WORK INSTRUCTIONS: Exactly reproduce the lines beginning with the line that includes "أعلن نادي الإبل" and ending with the last line of the data.

AVAILABLE DATA:

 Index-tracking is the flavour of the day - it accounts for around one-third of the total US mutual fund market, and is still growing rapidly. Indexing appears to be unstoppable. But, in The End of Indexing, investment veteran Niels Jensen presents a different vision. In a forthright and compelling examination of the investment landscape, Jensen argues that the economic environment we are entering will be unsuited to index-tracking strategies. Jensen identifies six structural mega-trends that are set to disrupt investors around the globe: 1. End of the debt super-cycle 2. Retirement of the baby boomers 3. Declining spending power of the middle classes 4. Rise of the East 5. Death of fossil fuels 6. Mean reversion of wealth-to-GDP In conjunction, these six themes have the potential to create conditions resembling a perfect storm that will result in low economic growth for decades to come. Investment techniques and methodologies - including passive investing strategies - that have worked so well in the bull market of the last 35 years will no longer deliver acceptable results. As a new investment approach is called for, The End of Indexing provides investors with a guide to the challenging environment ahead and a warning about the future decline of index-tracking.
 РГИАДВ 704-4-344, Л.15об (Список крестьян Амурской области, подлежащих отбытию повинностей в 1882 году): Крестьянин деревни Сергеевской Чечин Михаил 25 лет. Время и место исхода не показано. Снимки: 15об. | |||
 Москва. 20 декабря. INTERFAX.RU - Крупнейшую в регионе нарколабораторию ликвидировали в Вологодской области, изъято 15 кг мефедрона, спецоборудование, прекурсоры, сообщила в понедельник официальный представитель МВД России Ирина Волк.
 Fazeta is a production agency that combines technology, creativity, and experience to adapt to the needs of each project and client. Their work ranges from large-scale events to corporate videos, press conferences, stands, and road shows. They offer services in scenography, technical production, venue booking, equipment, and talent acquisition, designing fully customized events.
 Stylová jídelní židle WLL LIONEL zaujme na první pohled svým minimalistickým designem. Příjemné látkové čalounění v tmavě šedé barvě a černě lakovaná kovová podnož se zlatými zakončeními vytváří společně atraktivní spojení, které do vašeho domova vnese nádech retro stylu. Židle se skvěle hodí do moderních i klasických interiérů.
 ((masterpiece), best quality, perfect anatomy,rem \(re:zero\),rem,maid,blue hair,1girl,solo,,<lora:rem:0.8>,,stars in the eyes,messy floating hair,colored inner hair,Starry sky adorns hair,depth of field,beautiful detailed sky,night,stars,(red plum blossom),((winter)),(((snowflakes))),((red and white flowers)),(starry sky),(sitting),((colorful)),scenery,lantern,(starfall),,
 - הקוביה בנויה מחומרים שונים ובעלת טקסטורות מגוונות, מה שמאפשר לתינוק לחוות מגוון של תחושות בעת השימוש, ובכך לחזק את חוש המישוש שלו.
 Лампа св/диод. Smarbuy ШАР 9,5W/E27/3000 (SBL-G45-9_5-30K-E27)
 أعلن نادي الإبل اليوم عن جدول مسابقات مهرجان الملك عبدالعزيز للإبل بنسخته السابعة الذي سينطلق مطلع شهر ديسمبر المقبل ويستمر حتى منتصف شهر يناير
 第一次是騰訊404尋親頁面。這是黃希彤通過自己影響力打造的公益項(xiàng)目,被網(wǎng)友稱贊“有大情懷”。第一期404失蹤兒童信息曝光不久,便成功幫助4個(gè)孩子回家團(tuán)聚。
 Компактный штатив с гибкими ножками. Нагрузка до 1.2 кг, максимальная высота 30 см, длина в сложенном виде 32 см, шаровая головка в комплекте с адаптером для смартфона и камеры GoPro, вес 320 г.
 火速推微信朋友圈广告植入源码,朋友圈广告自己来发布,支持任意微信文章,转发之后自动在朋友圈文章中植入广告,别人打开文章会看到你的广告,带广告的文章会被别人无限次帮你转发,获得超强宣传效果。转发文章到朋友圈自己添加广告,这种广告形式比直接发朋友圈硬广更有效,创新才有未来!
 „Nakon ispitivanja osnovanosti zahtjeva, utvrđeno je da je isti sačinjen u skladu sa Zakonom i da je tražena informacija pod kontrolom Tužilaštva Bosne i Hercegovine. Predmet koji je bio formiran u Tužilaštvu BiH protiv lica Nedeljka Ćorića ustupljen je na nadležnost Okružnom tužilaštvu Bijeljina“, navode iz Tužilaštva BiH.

YOUR RESPONSE:
 أعلن نادي الإبل اليوم عن جدول مسابقات مهرجان الملك عبدالعزيز للإبل بنسخته السابعة الذي سينطلق مطلع شهر ديسمبر المقبل ويستمر حتى منتصف شهر يناير
 第一次是騰訊404尋親頁面。這是黃希彤通過自己影響力打造的公益項(xiàng)目,被網(wǎng)友稱贊“有大情懷”。第一期404失蹤兒童信息曝光不久,便成功幫助4個(gè)孩子回家團(tuán)聚。
 Компактный штатив с гибкими ножками. Нагрузка до 1.2 кг, максимальная высота 30 см, длина в сложенном виде 32 см, шаровая головка в комплекте с адаптером для смартфона и камеры GoPro, вес 320 г.
 火速推微信朋友圈广告植入源码,朋友圈广告自己来发布,支持任意微信文章,转发之后自动在朋友圈文章中植入广告,别人打开文章会看到你的广告,带广告的文章会被别人无限次帮你转发,获得超强宣传效果。转发文章到朋友圈自己添加广告,这种广告形式比直接发朋友圈硬广更有效,创新才有未来!
 „Nakon ispitivanja osnovanosti zahtjeva, utvrđeno je da je isti sačinjen u skladu sa Zakonom i da je tražena informacija pod kontrolom Tužilaštva Bosne i Hercegovine. Predmet koji je bio formiran u Tužilaštvu BiH protiv lica Nedeljka Ćorića ustupljen je na nadležnost Okružnom tužilaštvu Bijeljina“, navode iz Tužilaštva BiH.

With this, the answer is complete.